Ethical considerations
All study participants provided written informed consent for participation in the HPTN 064 study. A Certificate of Confidentiality was obtained for HPTN 064, and the study was approved by institutional review boards at each study site and participating institution: Bronx-Lebanon Hospital Center; Columbia University Medical Center; Emory University; George Washington University; Johns Hopkins Medicine; New Jersey Medical School; and University of North Carolina at Chapel Hill.
Results
Study cohort
The HPTN 064 study is described in detail in a previous report [7]. In this study, 2,065 women were HIV uninfected at study enrollment [7,8]. Four women acquired HIV infection during study follow-up and were not included in this report; the remaining 2,061 women were HIV uninfected at the last study visit. Samples from 255 (12%) of the 2,061 women at the last study visit were not available for ARV drug testing (the study participants did not consent to additional testing or did not have plasma available). We analyzed the remaining 1,806 samples using a multi-drug assay, including 109 (6%) from the enrollment visit, 384 (21%) from the 6-month visit, and 1,313 (73%) from the 12-month visit. For comparison, 369 additional enrollment samples were tested from a random subset of participants.
ARV drug detection
ARV drugs were detected in 39 (2%) of the 1,806 samples, including samples from 27 (15%) of the 181 women from Baltimore, MD and 12 (7%) of the 179 women from Bronx, NY (Table 1). ARV drugs were not detected in samples from women at the other eight communities. None of the 39 women who had ARV drugs detected reported ARV drug use at any study visit. Among the 1,767 women who did not have ARV drugs detected, nine (5%) reported ARV drug use at one of their study visits. These women were enrolled at five study sites (Decatur, GA; Raleigh, NC; Bronx and Harlem, NY; and Washington, DC). All nine women reported using ARV drugs for PEP; one woman also reported “intent to sell” when asked about other reasons for ARV drug use.

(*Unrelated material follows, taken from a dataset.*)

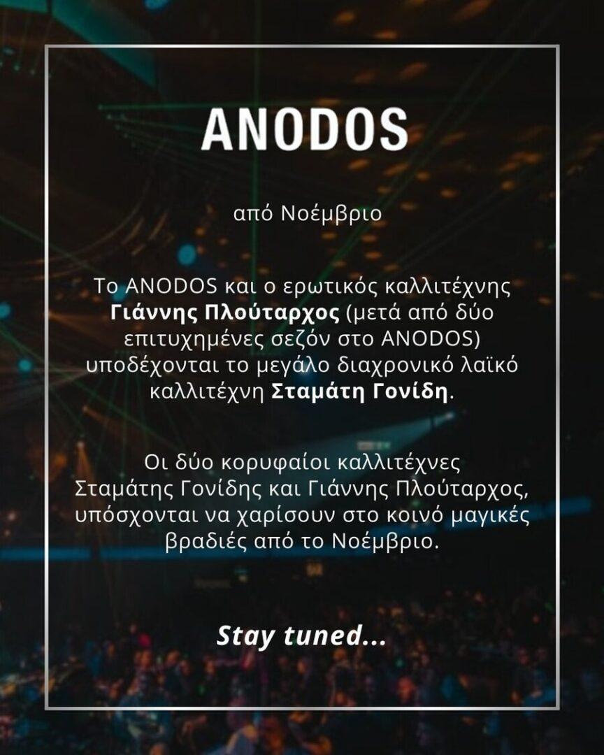 Ο Σταμάτης Γονίδης προκάλεσε έκπληξη με την απόφασή του να αποχωρήσει από το πολυαναμενόμενο σχήμα με τον Γιάννη Πλούταρχο στο ANODOS Live Stage, λίγες μέρες πριν από την προγραμματισμένη έναρξη των εμφανίσεών τους. Η συνεργασία είχε ανακοινωθεί με κάθε επισημότητα και στόχο είχε να προσφέρει στο κοινό αξέχαστες βραδιές από τον Νοέμβριο, όμως η ανακοίνωση του Σταμάτη Γονίδη «έσκασε» σαν κεραυνός.

In Baltimore, 22 (81%) of the 27 women who had ARV drugs detected had a single drug detected (EFV or a PI alone); the PIs that were detected alone most frequently were NFV and SQV. The five remaining women (19%) had multiple ARV drugs detected (multiple PIs or EFV with one or more PIs). In Bronx, nine (75%) of the 12 women who had ARV drugs detected had a single drug detected (EFV or IDV). The remaining three women (25%) had EFV with IDV detected.
Univariate analyses were performed to evaluate the association of demographic and behavioral factors with ARV drug detection (Tables 2–4). In Baltimore, ARV drug detection was associated with race (P = 0.040), childhood abuse (odds ratio [OR]: -6.3; P = 0.049), and having a partner who was incarcerated within the past five years (OR: 4.7; 95% CI: 1.3–25.3; P = 0.008). In Bronx, ARV drug detection was associated with older age (mean age difference: 5.3 years; 95% CI: 1.0–9.6 years; P = 0.012). When results from both study sites were combined, ARV drug detection was significantly associated with childhood abuse (OR: 2.3; 95% CI: 1.1–5.0; P = 0.015).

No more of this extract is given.